Exercise: A faithful copy of the data below is required, leaving out every picture.

Dataset excerpt:
Start of Block

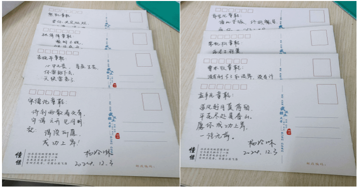 學(xué)院為每一位考研學(xué)子準(zhǔn)備了精美的考研學(xué)習(xí)禮包和手寫(xiě)明信片,暖心的禮物讓考研學(xué)子的心中倍感溫暖。老師們?cè)诎l(fā)放禮包的同時(shí),還親切地與學(xué)子們交流,詢問(wèn)他們的備考情況、目標(biāo)院校以及生活上的需求,鼓勵(lì)同學(xué)們在最后的沖刺階段要始終保持積極向上的樂(lè)觀態(tài)度,調(diào)整好心態(tài),合理規(guī)劃飲食作息。
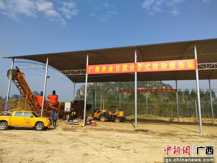 广俊甘蔗机械服务站于2025年12月初启动建设,主要为岜盆乡那标、那坡两个村21个自然屯的千余农户提供服务,覆盖3700亩蔗田,可完成约2.5万吨甘蔗的田间机械化采收、除杂分段等全流程作业。
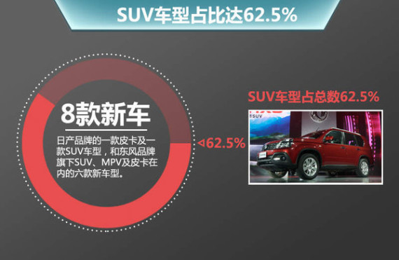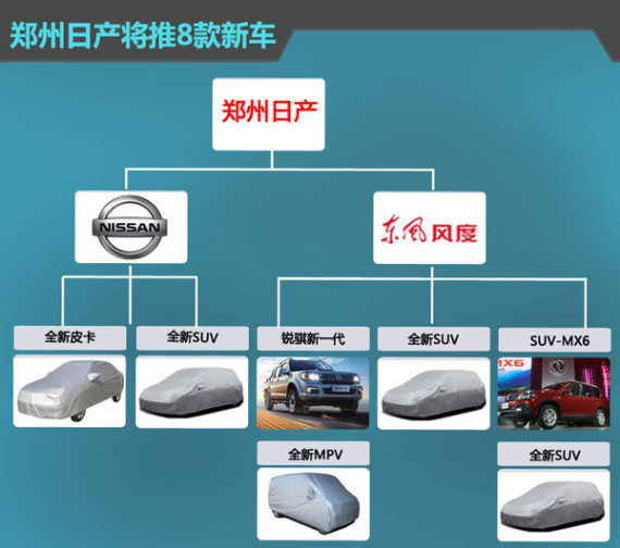 自2015年起,郑州日产的产品布局将进一步完善,基于双品牌下的郑州日产在未来三年共将推出8款新车型,其中包括日产品牌的一款皮卡及一款SUV车型,和东风品牌旗下SUV、MPV及皮卡在内的六款新车型,其中包括全新一代锐骐和MX6。值得一提的是,根据这一数据可以算出,新产品中SUV车型占比超过了60%。
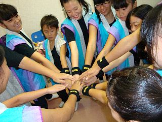 朝から『ワイワイ』あっちこっちで模擬店やバザー、イベントと準備が進められ、私たち楽鼓組も舞台の太鼓の位置確認をした後、衣装に着替えて、円陣を組み気合いを入れました。

End of Block

Output for this task:
 學(xué)院為每一位考研學(xué)子準(zhǔn)備了精美的考研學(xué)習(xí)禮包和手寫(xiě)明信片,暖心的禮物讓考研學(xué)子的心中倍感溫暖。老師們?cè)诎l(fā)放禮包的同時(shí),還親切地與學(xué)子們交流,詢問(wèn)他們的備考情況、目標(biāo)院校以及生活上的需求,鼓勵(lì)同學(xué)們在最后的沖刺階段要始終保持積極向上的樂(lè)觀態(tài)度,調(diào)整好心態(tài),合理規(guī)劃飲食作息。
 广俊甘蔗机械服务站于2025年12月初启动建设,主要为岜盆乡那标、那坡两个村21个自然屯的千余农户提供服务,覆盖3700亩蔗田,可完成约2.5万吨甘蔗的田间机械化采收、除杂分段等全流程作业。
 自2015年起,郑州日产的产品布局将进一步完善,基于双品牌下的郑州日产在未来三年共将推出8款新车型,其中包括日产品牌的一款皮卡及一款SUV车型,和东风品牌旗下SUV、MPV及皮卡在内的六款新车型,其中包括全新一代锐骐和MX6。值得一提的是,根据这一数据可以算出,新产品中SUV车型占比超过了60%。
 朝から『ワイワイ』あっちこっちで模擬店やバザー、イベントと準備が進められ、私たち楽鼓組も舞台の太鼓の位置確認をした後、衣装に着替えて、円陣を組み気合いを入れました。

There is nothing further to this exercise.